Мы на днях начали репетировать “Хованщину” в новой редакции. Пока не знаю, что у меня выйдет с Марфой, но это по крайней мере позволит немного отвлечься от скорби по незабвенному Грише, вашему отцу. Ну и заодно обновить патриотический репертуар, от которого все уже слегка заскучали. Морис Леопольдович предлагал мне попробовать себя в кинематографе, но я пока думаю, а стоит ли искать успеха на этом новом поприще или лучше сосредоточиться на том, что получается лучше всего, на пении. Кстати, Жорж почти закончил очаровательную пьеску для меццо-сопрано и струнного квартета.
Пишите мне чаще, описывайте все-все-все, что у вас происходит, когда приносят почту, я первым делом кидаюсь проверять, нет ли весточки от моих любимых сыновей».
Они сочиняли в ответ:
«Наша милая, дорогая мамочка, – писали вдвоем, толкаясь и вырывая карандаш друг у друга, – нам здесь так замечательно, что мы уже вовсю обросли шерстью и часто воем на Луну. Воем без оркестра и репетиций, и у нас получается. Наш вой пользуется здесь огромным, заслуженным, ошеломительным успехом, особенно когда к нему присоединяются окрестные собаки, верблюды, бизоны, ослики и козы.
По нужде приходится ходить во двор, в деревянный нужник, или терпеть до школы. А ночью можно воспользоваться горшком, бабушка следит, чтобы мы его сами выносили. Мыться мы ходим в баню и моемся в одном помещении с посторонними людьми.
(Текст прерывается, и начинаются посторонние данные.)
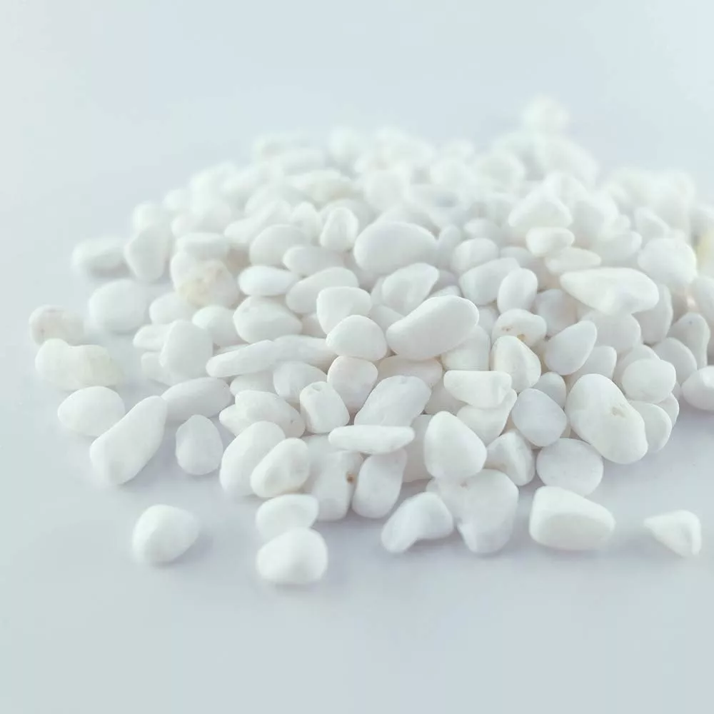 白色の玉砂利の中でも特に人気の高い商品です。カルシウムを多く含んでいるので、鮮やかな白色の砂利が欲しい方に人気があります。庭や玄関はもちろん、ベランダや水槽・お墓の周囲に敷いても見栄えがキレイになるおすすめの商品です。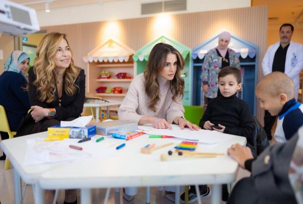 الملكة تزور أطفال غزة المصابين بالسرطان في مركز الحسين

Такая жизнь нам никогда не наскучит…»
Написав очередное письмо, натолкавшись и насмеявшись, они сжигали бумагу, на которой оно было написано, растирали или развеивали пепел, и на какое-то время им становилось легче.
* * *
Но вообще было и в Сморгони чем заняться.
В речке-переплюйке Оксне водились пескари, и можно было ловить пескарей и прыгать в омут с обрыва. Оксна недалеко от местечка впадала в Нерис, по которому на лодке доплывали до Вильно, и Нерис был уже совсем большая река, с настоящей рыбой, хотя ни кефаль, ни камбала-калкан, ни бычки в нем конечно же не водились. Вокруг Сморгони были леса, и можно было отправиться с раннего утра в лес за грибами и ягодами, а можно с дедушкой на мельницу – глазеть, как деревенские сгружают мешки с зерном, а потом угощают друг друга и мельничных самосадом из расшитых кисетов, и как крутятся жернова, и как стекает в желоб струйка крупчатки. А еще можно было набрать яблок в саду и сбежать на разъезд, взобраться на шиферную нагретую солнцем крышу пакгауза, есть яблоки, бросая огрызки вниз, стараясь попасть то в собачку, разлегшуюся на перроне, то в тумбу с ведром, а то и в борт проходящего мимо вагона. Когда появлялся сторож и ругался, грозя кулаком, и свистел им в свисток, надо было не задираться и не дразнить его, а скатиться вниз, в мягкую высокую траву по другую сторону, переждать немного и взобраться вновь, потому что сторож никогда не задерживался надолго.